Cebrap aponta mais de 700 mortos por violência política no Brasil em 20 anos

Atualizado em 7 de fevereiro de 2026 às 8:53
Grupos fazem protesto pela morte de Marielle Franco em 2018. Foto: Fábio Teixeira / Agência O Globo

O Brasil registrou mais de 700 mortos em episódios de violência política ao longo de 20 anos, segundo um estudo da Universidade de São Paulo (USP) e do Centro Brasileiro de Análise e Planejamento (Cebrap). Entre o início de 2003 e 2023, foram 1.228 vítimas de violência política letal ou grave, incluindo assassinatos, tentativas de assassinato e ameaças severas de morte.

Do total de vítimas analisadas, 760 foram assassinadas, 358 sofreram tentativas de homicídio e 110 receberam ameaças graves. “Isso significa uma média anual de 61,4 casos, ou cerca de 5,1 por mês, um número extraordinariamente alto para uma democracia estabelecida”, aponta o levantamento.

O estudo considerou políticos — no exercício do mandato, candidatos ou pessoas que deixaram o cargo até cinco anos antes do crime — e também ativistas.

A pesquisa foi coordenada por Angela Alonso, professora da USP, com base em notícias do portal G1 (2010–2023) e do jornal O Globo (2003–2013). A coleta combinou programação e raspadores de notícias, com mais de 100 mil registros inicialmente identificados e posteriormente filtrados.

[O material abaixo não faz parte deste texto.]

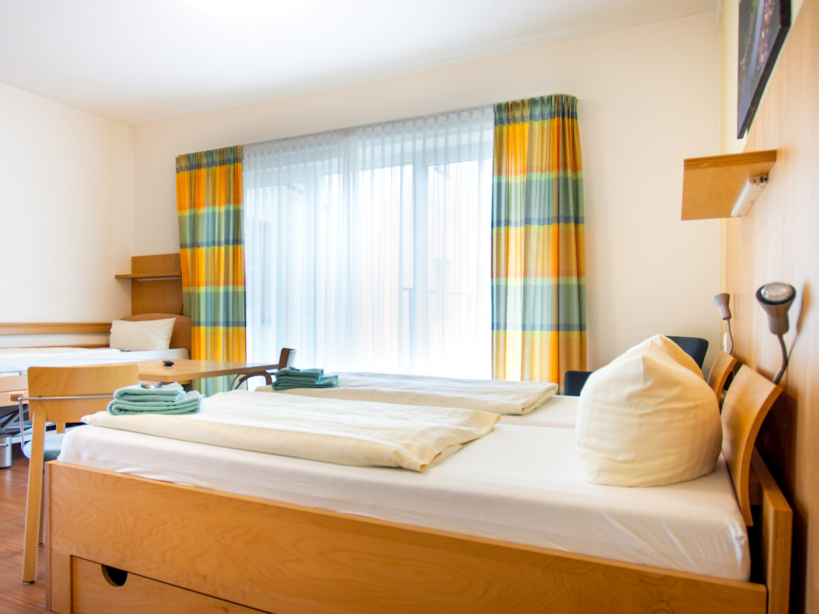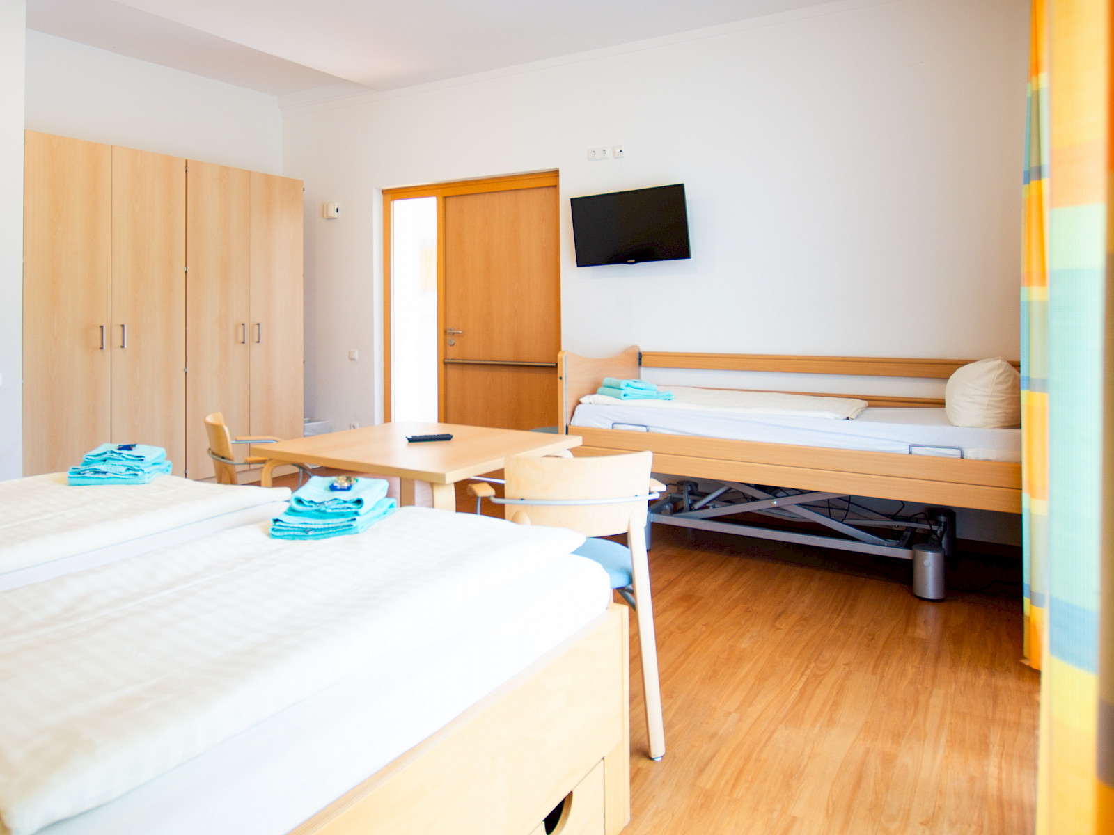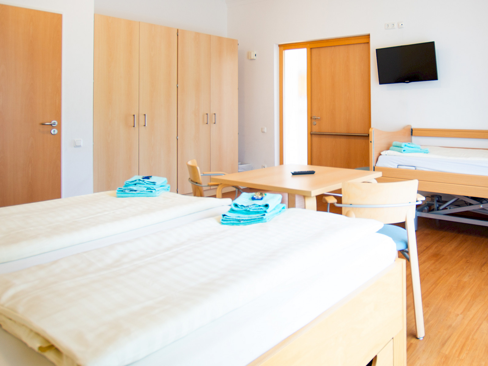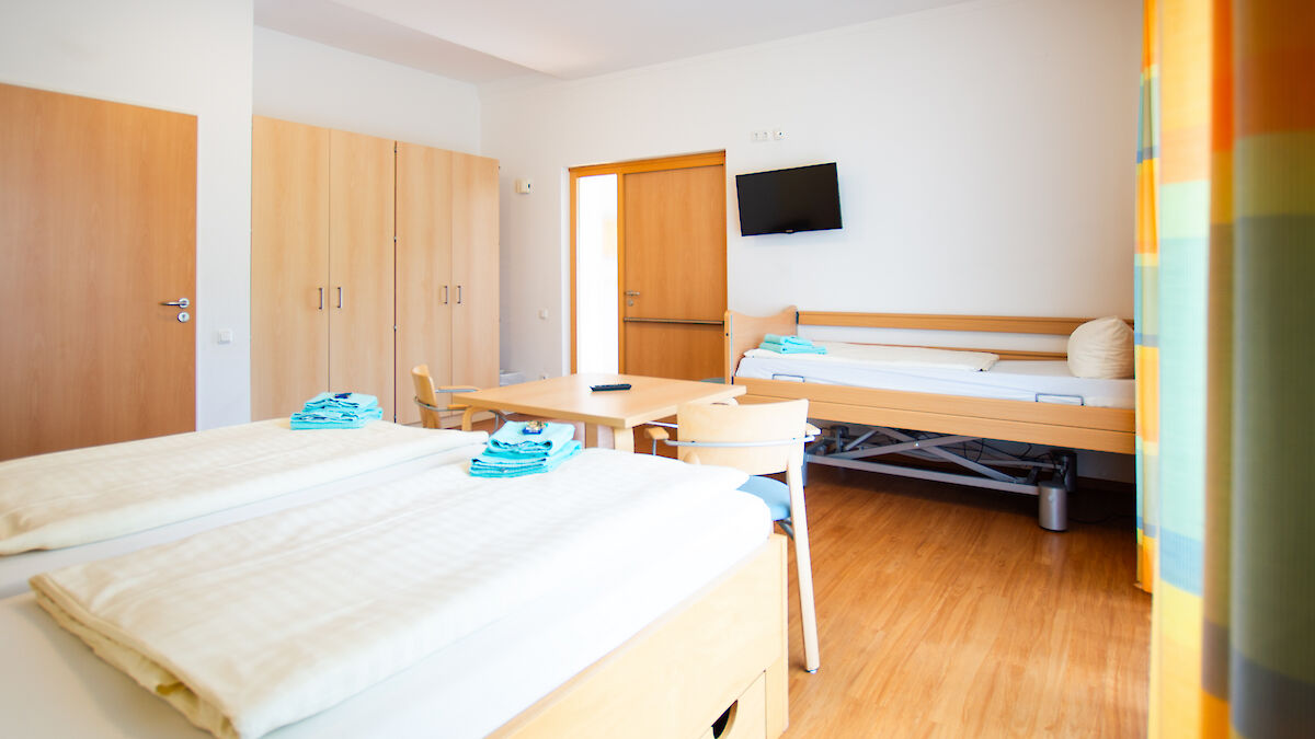 - 2 Dreibettzimmer mit jeweils einem Pflegebett und Kühlschrank

Os pesquisadores alertam que, embora os padrões sejam consistentes com outros estudos, o total pode estar sub-representado, o que torna o cenário ainda mais preocupante.

Política local concentra a violência

A maioria dos ataques (63%) teve como alvo políticos, contrariando a percepção de que ativistas seriam os mais vulneráveis. Pessoas sem cargo ou candidatura concentraram 60% dos casos, seguidas por detentores de mandato (31%) e candidatos (8%).

Entre políticos, 88% das ocorrências se deram no nível municipal, indicando que a política local é particularmente violenta no país.

Estados mais afetados e motivações

Em termos proporcionais, os estados com mais crimes contra políticos foram Alagoas (20,1 casos por 1 milhão de eleitores), Acre (16,2), Rio de Janeiro (11,4) e Mato Grosso (11,1).

Segundo os pesquisadores, disputas por recursos e contratos municipais explicam parte do quadro em Alagoas, enquanto, no Rio, pesa a atuação de milícias e do crime organizado. No conjunto, 47% da violência contra políticos decorreu de disputas por cargos, poder e recursos públicos.

Ativistas e conflitos fundiários

Entre ativistas, as mortes se concentraram em áreas rurais ou florestais (72%), especialmente em conflitos por terra (72%). Roraima (30,7) e Mato Grosso do Sul (19,8) lideram as taxas, associadas a disputas territoriais, inclusive envolvendo o território yanomami.

“[Além dos conflitos internos entre os yanomamis], também existem os casos em que eles são mortos por não indígenas. São conflitos fundiários ou por recursos naturais e conflitos de facções”, explica Alonso.

Comunidade indígena na Terra Yanomami. — Foto: Bruno Mancinelle/Casa de Governo
Comunidade indígena na Terra Yanomami. Foto: Bruno Mancinelle/Casa de Governo

Perfil dos crimes e evolução no tempo

Dos assassinatos, 88% foram cometidos com arma de fogo, seguidos por arma branca (6%). Para os autores do estudo, a predominância de execuções à distância indica planejamento profissional: “Os assassinatos políticos geralmente são planejados sistematicamente e executados profissionalmente. Dois fatores ajudam a explicar esse padrão: a disponibilidade e a normalização das armas de fogo e um mercado estabelecido para assassinos de aluguel”.

As mortes atingiram níveis mais baixos nos governos Lula 1 (média de 21,5 por ano) e Lula 2 (15,8), cresceram no fim do governo Dilma Rousseff 2, antes do impeachment, e permaneceram elevadas nos governos Michel Temer e Jair Bolsonaro, apesar da queda associada à pandemia.

Para Alonso, a escalada após Dilma se relaciona à crise política e à intensificação de um discurso armamentista: “Isso significa a sociedade resolver os seus conflitos à bala também”.